Since the Intel Cascade Lake launch in early April, the platform we've been using for our Xeon Platinum 8280 Linux/BSD testing has been the Gigabyte S451-3R0 Storage Server. Now having tested this Gigabyte server on a number of different Linux distributions as well as the BSDs and in an assortment of software configurations, we're quite confident in its abilities for those needing an Intel Xeon Scalable server platform that can accommodate a great deal of drives.

Gigabyte kindly sent over the S451-3R0 as part of our Cascadelake launch testing and the first time we've tried a Gigabyte Xeon server motherboard after our good experience with Gigabyte's EPYC workstation board.
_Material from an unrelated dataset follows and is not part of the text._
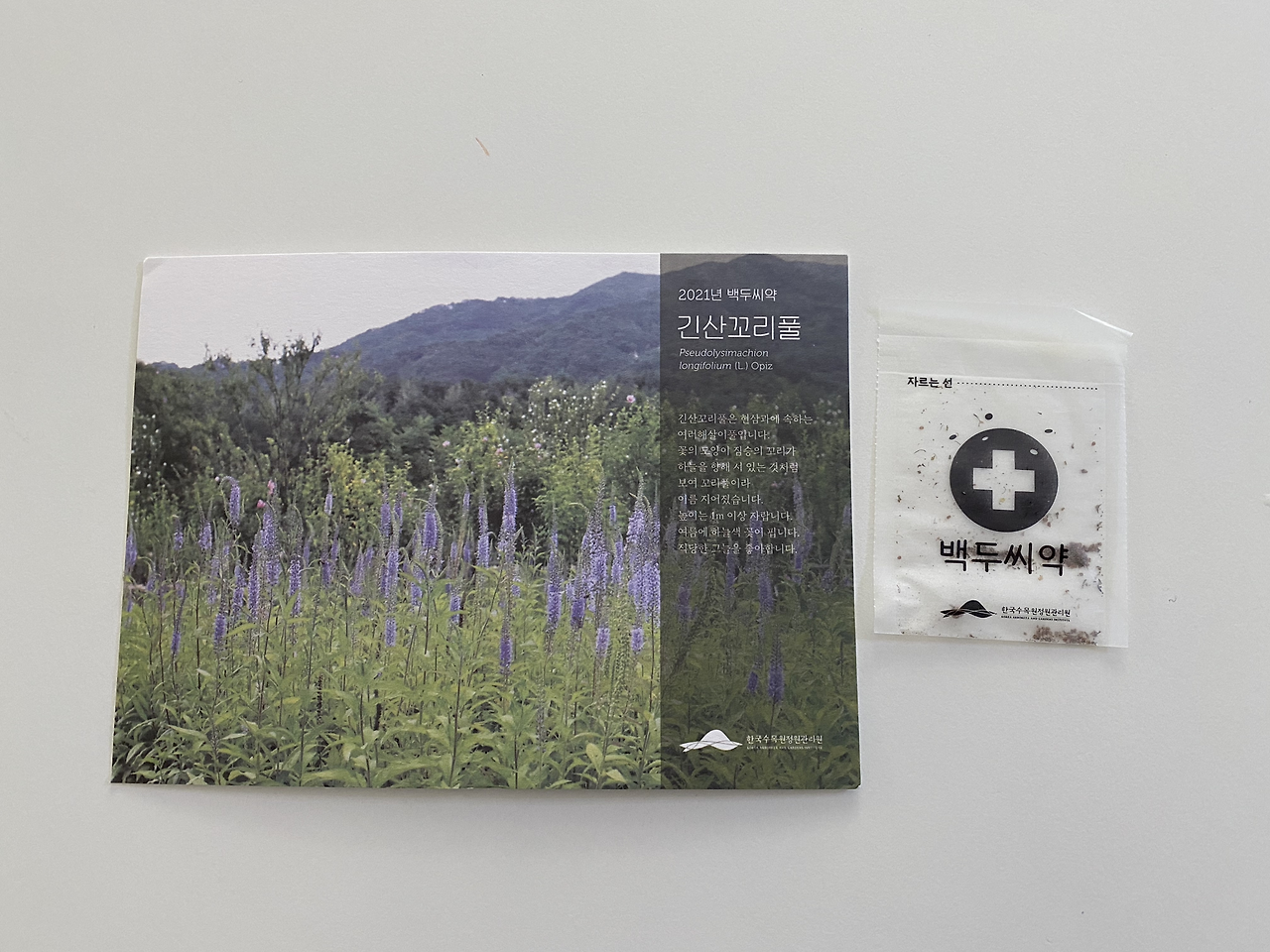 그리고 아이들과 함께라 챙길 거 많고, 바쁜 와중에 무료 배포한 엽서를 하나 챙겨 왔다. 챙기긴 했는데 갔다 와서 한동안 서랍에 넣어두었다. 있는지도 모르게… 그런데 며칠 전에 우연히 발견하게 되었다. 그때 가져왔던 그 엽서였지! 사진을 보니 어디서 많이 본 거 같은 풀이었다. 이름이…긴산꼬리풀?

The S451-3R0 supports dual Xeon Scalable 1st/2nd Gen processors, sixteen RDIMM/LRDIMM DDR4 memory modules (with compatibility for Intel Optane DC Persistent Memory), dual 10Gb/s SFP+, and dual Gigabit Ethernet ports. Making this one of their flagship storage products, this 4U barebones server can handle thirty-six 3.5-inch SATA/SAS drive bays and two 2.5-inch SATA SSD bays for the boot device.

The Gigabyte S451-3R0 comes equipped with dual 1200 Watt 80 PLUS Platinum redundant power supplies. The Gigabyte motherboard used by this barebones server platform is the MD61-SC2. The Gigabyte MD61-SC2 employs an Aspeed AST2500 BMC, two U.2 PCIe Gen3 x4 interfaces, and four PCI Express Gen3 expansion slots.
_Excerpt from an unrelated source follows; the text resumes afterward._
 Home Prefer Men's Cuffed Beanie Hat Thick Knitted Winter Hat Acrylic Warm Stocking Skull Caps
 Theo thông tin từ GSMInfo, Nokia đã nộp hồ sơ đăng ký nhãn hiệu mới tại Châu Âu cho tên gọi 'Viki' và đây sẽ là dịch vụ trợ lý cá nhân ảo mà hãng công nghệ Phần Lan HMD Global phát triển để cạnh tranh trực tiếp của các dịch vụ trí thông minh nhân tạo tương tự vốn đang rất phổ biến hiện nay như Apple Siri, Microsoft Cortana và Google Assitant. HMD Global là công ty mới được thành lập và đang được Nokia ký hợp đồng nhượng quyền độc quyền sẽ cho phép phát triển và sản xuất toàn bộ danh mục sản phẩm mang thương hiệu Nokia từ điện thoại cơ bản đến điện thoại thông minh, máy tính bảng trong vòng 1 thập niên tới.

Included with the S451-3R0 is a rail mounting kit, two CPU heatsinks (25ST1-353105-T1R), and the dual 1200 Watt power supplies. There is also an option for upgrading the power supplies to 1600 Watts if wanting to run 205 Watt TDP Xeon processors otherwise with the 1200W PSUs the stock rating is for 165 Watt CPUs. I was using the 205 Watt Xeon Platinum 8280 processors without issue using the 1200 Watt power supplies, but then again I wasn't using the server configuration with fully maxed out storage, etc.